Questions to answer
(This is a cross-posting from my general blog, Steer for the Deep Waters Only.)
In the Post Office Horizon public enquiry, today has been the first day when a Fujitsu representative has taken the stand. Gareth Jenkins will answer questions for four days, more than any other witness. Today has concentrated on his role as an expert witness in the prosecutions of sub-postmasters (SPMs), and so the questioning has been concentrating mainly on judicial and quasi-judicial matters.
My take on this from the moment I first heard about the issues with Horizon has been from the point of view of a software tester, which profession I followed for more than 25 years. My perspective has been “What tests would I want to have done if I had been working on Horizon?”. And I’m also driven to ask how important Fujitsu and the Post Office considered testing to be. It’s possible to define the importance of testing according to a scale of impacts:
- Is there a risk of death or injury associated with the system?
- Is there a risk of injustices arising from faults in the system?
- Is there a risk of financial loss if there are faults in the system?
- Is there a risk of reputational damage if the system throws up errors?
Clearly, at least three of these apply in the case of Horizon, though I doubt that the worst case scenario of people being sent to prison would have been on anyone’s whiteboard when Horizon was still in the planning stage. It ought to have been, of course, but unless people have had direct contact with instances of offences within the postal system, I doubt it was even mentioned when Horizon was being scoped out at the beginning of the development process. Nonetheless, the question should have been asked: “If this goes wrong, what’s the worst that could happen?”

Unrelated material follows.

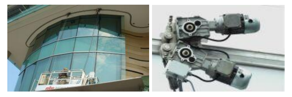
Figure 4a&b: Monorail system

• Monorail System: This provides access to building facade through the running of a single track that runs along the exterior facade with compliance to the shape of the building. Smooth running trolleys mounted on the monorail track allows a suspended gondola to move along the building horizontally or at inclined angle without inhibition. Control can be manipulated manually or electrically along the monorail tracks. For a climbing monorail, a high performance climbing trolley runs along the inclined monorail to suspend and traverse a gondola cradle. It is capable of climbing any slope vertically with a load of 500kg.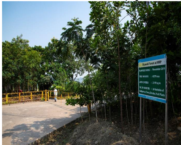
Miyawaki Plantation inside Plant

The questions I would be asking now are these:
- What testing was done?
- Was there extensive testing done in real life situations with real life users?

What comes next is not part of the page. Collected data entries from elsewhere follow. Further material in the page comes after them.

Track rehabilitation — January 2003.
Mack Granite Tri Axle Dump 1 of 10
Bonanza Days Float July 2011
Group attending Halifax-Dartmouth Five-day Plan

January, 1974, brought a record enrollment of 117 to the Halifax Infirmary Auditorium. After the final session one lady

- Or was there merely a test system in a test environment on someone’s desktop?
- There is a school of thought that says that in situations where a system is going to be rolled out across many points of physical contact with users and across a geographical area, then simulation running of a system ought to be done on a physical basis, with an entire trial system running in a number of locations to simulate real-world communication problems, with scenarios to probe various failure states – loss of physical lines, loss of power either remotely or centrally, inability to access helpdesk resources – that can be anticipated. Gareth Jenkins has mentioned “pilot schemes”; their extent and suitability should be explored.

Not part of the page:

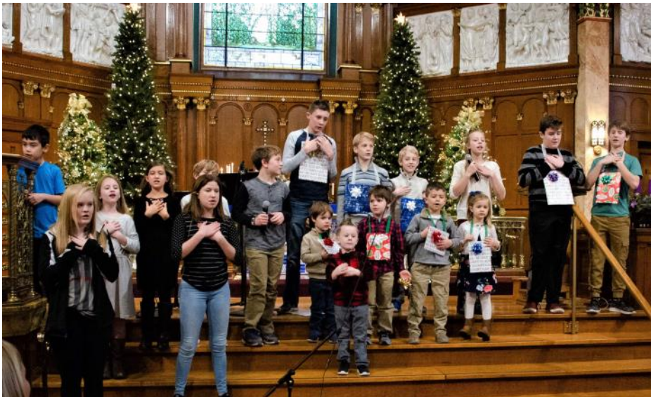
St. Luke's youth participate in last week's Christmas Program

- How much regression testing was done?
- Regression testing is performed when a new version or a bug fix is rolled out. It explores whether the fix or new version impacts the existing version in any way.
- It should not only be done during development, but also after deployment.
- What version control was there?
- In development; and
- In deployment: in other words, were bug fixes and new versions tested against existing versions once Horizon had gone live?
- How were upgrades and bug fixes rolled out?
- Importantly, were SPMs told about the necessity to keep their versions of Horizon up to date? Was the significance of upgrades impressed upon them?
- Were upgrades rolled out during expected Post Office downtime hours? Were they automatic, or did they require SPMs to trigger them? Could SPMs defer upgrades to less busy times?
- Did upgrades apply to specific versions of the software? Were SPMs warned if an upgrade was about to be applied to an out-of-date version? Would the system permit that, or would it force multiple (and time-consuming) upgrades if it detected an out-of-date system?
- Did Post Office investigators check which version of Horizon was being run before continuing with criminal investigations?
All these are important questions which ought to have been asked in the system scoping and design sessions before a line of code was written. This is something professional testers do. But too many companies consider that testing is a mechanical process that just involves pressing buttons and seeing that the system delivers the right responses, and that “anyone” can do it; and, indeed, that it can be automated. I’ve written elsewhere about the fallacy of these views, and if there are to be any takeaways for anyone involved in system design and development, it ought to be that.
I’ve also written recently about what I’ve dubbed the “Goldfinger Heuristic”*, summed up in the opening lines of Ian Fleming’s novel of the same name: “Once is happenstance, twice is coincidence, but three times must be enemy action.” In this case, “enemy action” is simply something happening the the real world. If three people independently report a problem, then that problem is in all likelihood real, and IT managers should at the very least consider that there may be an underlying problem with the system, even if it’s not immediately obvious how to replicate that problem. I once spent three months trying to pin down a problem that I wasn’t even certain that I’d seen, but which was registering with me, almost subconsciously, as “wrong”. In the end, it was a real problem caused by the interaction of screen controls, mouse movements and the design of different workflow stages. An automated test system would never have found it.
Testing can never address all the possible failure points of a system before it goes live; sometimes problems may not emerge for years, only arising with a particular combination of circumstances. Testing and monitoring of systems must therefore continue after the system is deployed, and those dealing with systems management must always be prepared to ask the questions that a tester would ask before jumping to any conclusions about what has happened. This does not seem to have been done with Horizon. I hope that the remaining stages of the public enquiry will drill down to root causes in its remaining sessions.
*In this context, a “heuristic” is a rule of thumb about the real world and real user behaviours that identify a range of situations that testers should look out for, or at least be aware of, when testing systems.